Cicerale, il padre di Cafasso: “Altro che overdose, l’hanno ammazzato”
| di RedazioneSALERNO — «Prego, entrate», dice aprendo la porta alle nove di sera il signor Pasquale Cafasso, 72 anni, mentre una cappa di nebbia avvolge questo minuscolo paesino del Cilento vicino ad Agropoli. Il paesino dei ceci, per questo si chiama Cicerale. Ma c’è la nebbia adesso, una nebbia fittissima, anche intorno alla morte di suo figlio Gianguerino, secondo lui: «L’hanno chiamato pusher e pappone, anzi il pappone dei trans di Roma nord, l’hanno dipinto come il grande ricattatore di Marrazzo, invece il mio Gianguerino è morto come un cane a 36 anni il 12 settembre in una squallida camera d’albergo, ma pochi giorni prima m’aveva detto di avere paura… Altro che overdose, l’hanno ammazzato. Eppure nessuno in tutti questi mesi è venuto mai a parlare con noi». Il signor Cafasso si commuove, accanto a lui c’è la moglie Laura, sono sposati da 38 anni, hanno altri tre figli e tre nipotini. «Ecco — aggiunge la mamma di Gianguerino —, avete tanto parlato del video di Marrazzo con i trans. Beh, la volete sapere una cosa? Gianguerino, il mio primogenito, non aveva un videotelefonino, perché io gli dicevo sempre: ti posso mandare a Roma le foto dei nipotini? Ma lui diceva di no, perché il videofonino non ce l’aveva…».
«Hanno pure detto che era un confidente dei carabinieri arrestati», s’indigna papà Pasquale. «Macché confidente.
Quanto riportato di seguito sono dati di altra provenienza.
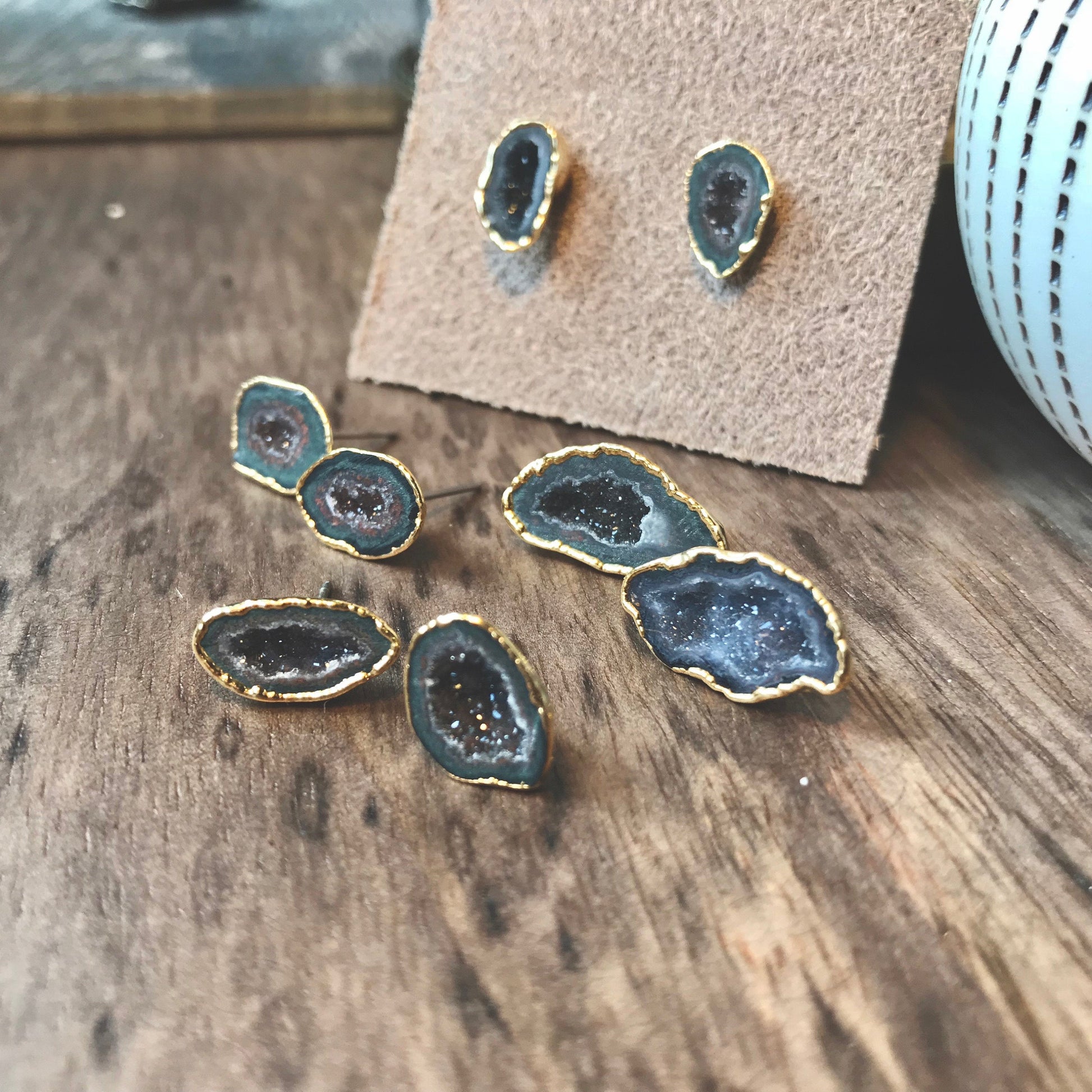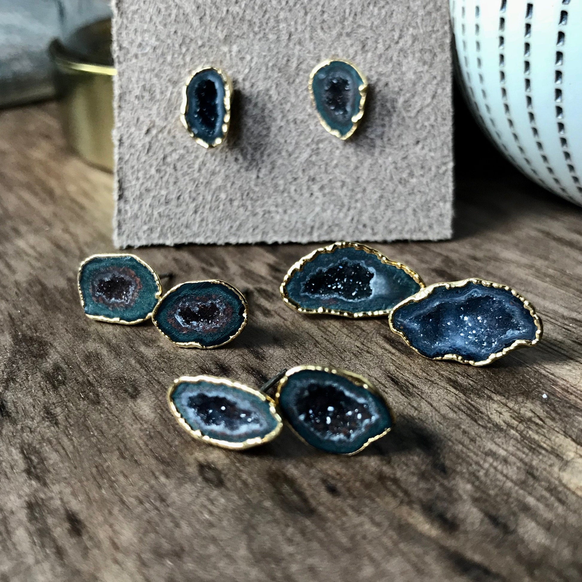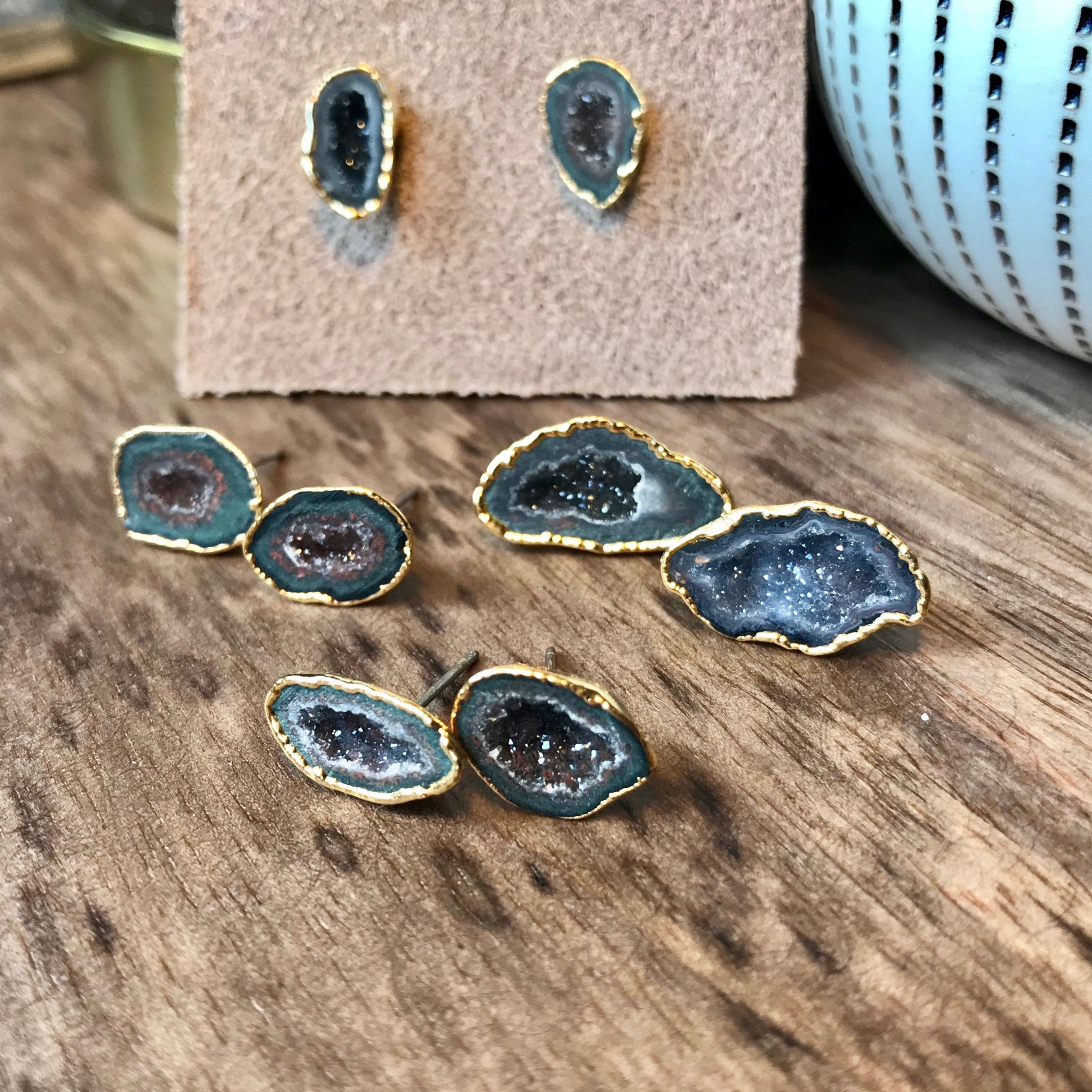 Geodes are natures little surprises. Geodes are rocks that are plain on the outside but have beautiful crystals on the inside, grown over millennia. Each geode is different so every pair of earrings is unique. Super lightweight and versitile. Each geode is electroplated in 14k gold over surgical steel. Posts are surgical steel.

Poco tempo prima che lo trovassero morto, mi raccontò che voleva lasciare il suo appartamento in affitto a Roma perché lì dentro accadevano strane cose, lui faceva il guardiano in una fabbrica con la sua compagna che faceva le pulizie, noi sapevamo che si chiamava Jennifer ma ignoravamo che fosse un trans. Dunque, mio figlio diceva che quando tornava la sera trovava le cose spostate, una volta le camicie nell’armadio, un’altra gli oggetti personali, anche il mobilio. Diceva: papà, io devo andarmene non mi sento più sicuro…».
«Fino ai 18 anni — dice la signora Laura — Gianguerino non aveva avuto problemi. Era un bravissimo pasticciere. Poi però è partito per il militare, è andato a Roma a fare l’aeronautica. Tutto normale fino a otto mesi fa quando per una delusione d’amore si è trasferito a Roma dove ha incontrato Jennifer, che però poi non è manco venuta ai funerali. È sparita. Quel giorno, il 17 settembre, nella chiesa di San Giorgio c’erano tantissimi fiori e tantissimi amici per salutare il Gigante Buono, come lo chiamavamo. Era un ragazzone di 120 chili che viveva per gli altri, altro che pusher e pappone. Chiedetelo a Giorgio, un ragazzino down che vive in paese. Un giorno gli dovevano portare a casa un pianoforte, ma non riuscivano a farlo salire per le scale. Giorgio chiese aiuto a Gianguerino che in dieci minuti radunò 8 amici e il pianoforte entrò a casa. Questo era mio figlio».